Refinancing Home Loans in the Current Economic Climate

Refinancing home loans in the current economic climate can save homeowners thousands of dollars, if it is done the right way. Refinancing can be a daunting task for many. Whether you are refinancing for the first time or tenth time, there are a few things to consider when refinancing your home loan.

Current Home Valuation

When you refinance, a lender will order an appraisal to determine the home's current market value. The appraisal tells the lender the value at which the home would sell in an open market, within a reasonable amount of exposure time.  The bank will then lend a certain percentage of that value. Usually banks lend up to 80 percent of the value. This is called the loan to value ratio, or LTV.  

In the current economic climate, many people are having trouble refinancing their home loans because their property value has dropped too far to be able to take out an 80 percent LTV. For example, if a home was purchased at $100,000 with an 80 percent loan, they have an outstanding balance of $80,000 USD. If that home has dropped in value to only $90,000 and that homeowner was seeking another 80 percent loan they would only qualify for $72,000 at 80 percent LTV. This means they have to bring the difference of $8,000 (80,000-72,000) to the closing table to refinance. For many borrowers, bringing in money to close a refinance is impossible.

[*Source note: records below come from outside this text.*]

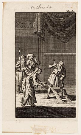 Christen ziet toe hoe een man stof opveegt waarop ee...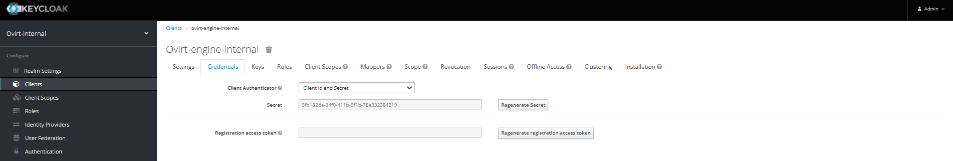 Необходимо обратить внимание, что на вкладке "Credential" раздела "Clients" размещена информация об аутентификации клиента в том числе поле Secret, которое может использоваться при дальнейшей настройке интеграции с сервисом (рисунок 138).
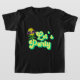 The t-shirt feels and looks great quality, a good thick cotton. It will be a little big for my son, but that means he will be able to wear it and not out grow it too soon. The print was as described on the order when personalised. True size, shape and colour T-shirt- thanks.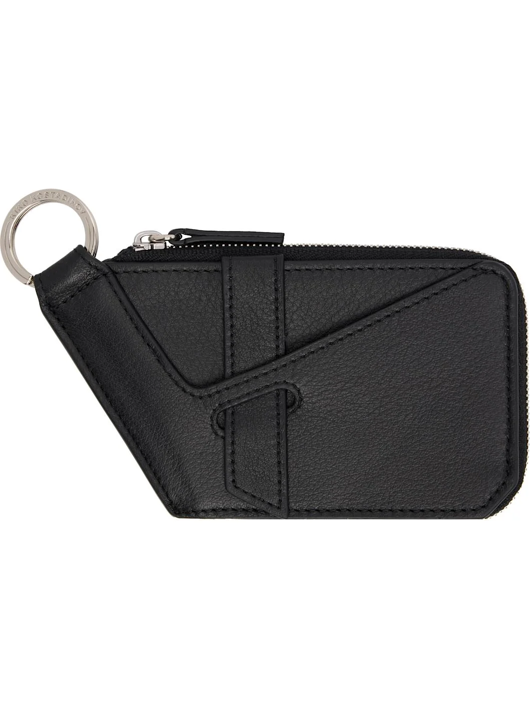 Grained nappa calfskin wallet. · Logo-etched mirror at face · Keyring at top · Patch pocket with strap at back face · Zip closure · Two note slots at interior · H5.5" x W3.25" x D0.5" Supplier color: Black Obsidian Calfskin. Made in Portugal 252985M171002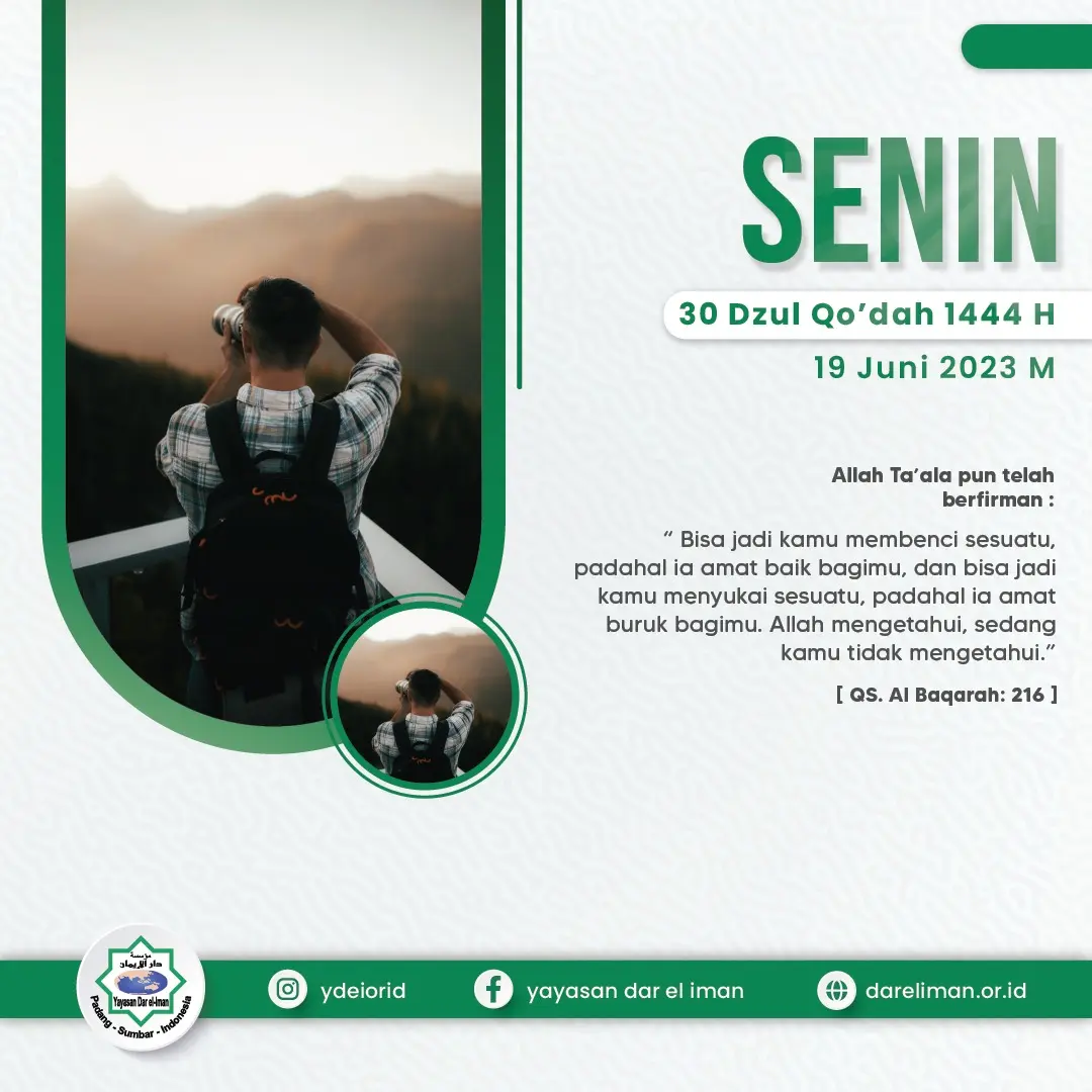 โBisa jadi kamu membenci sesuatu, padahal ia amat baik bagimu, dan bisa jadi kamu menyukai sesuatu, padahal ia amat buruk bagimu. Allah mengetahui, sedang kamu tidak mengetahui.โ

FHA Insured Loans offer High LTV Options

The Federal Housing Administration (FHA) insures loans. These are great loan programs because they allow you to finance up to 96.5 percent of the home's value. For borrowers with high LTV loans, that need to refinance, the FHA insured program may be the only way they can get enough money to cover that loan amount.  

In most counties across the country, an FHA insured loan is limited to a maximum amount of $417,000. However, in some high cost areas the government has raised that limit to allow buyers to purchase higher priced homes. For example, areas like Los Angeles, New York, and Hawaii are allowed to borrower higher loan amounts.  

FHA insured loans are offered by most conventional lenders and there are both credit and income qualifications that must be met, which can be found through your local lender or through the FHA's main website. Again, using the example above, the home that dropped in value to $90,000 would allow a refinance of $86,850 using an FHA insured loan at 96.5 percent LTV.  This would successfully accomplish the $80,000 refinance you needed.

Interest Rate Matters

The interest rate you qualify for on your home loan refinance will largely determine the amount of your monthly payment. The higher the interest rate you have, the higher your monthly payment will be.

Equally important is LTV because the higher the LTV of a loan, the higher the interest rate will be. There is a trade-off there and banks know that higher LTV loans are more risky. If you plan to get a home loan at an LTV above 80 percent, know that your interest rate will be slightly higher.

There are many reasons to refinance a home. It could be to re-capitalize an ARM before it adjusts to a higher interest rate and higher payment, or it can be to get additional cash out of the home's equity. Whatever the reason is for your refinance, make sure you shop around for the best combination of interest rate and loan terms available to you in the current market.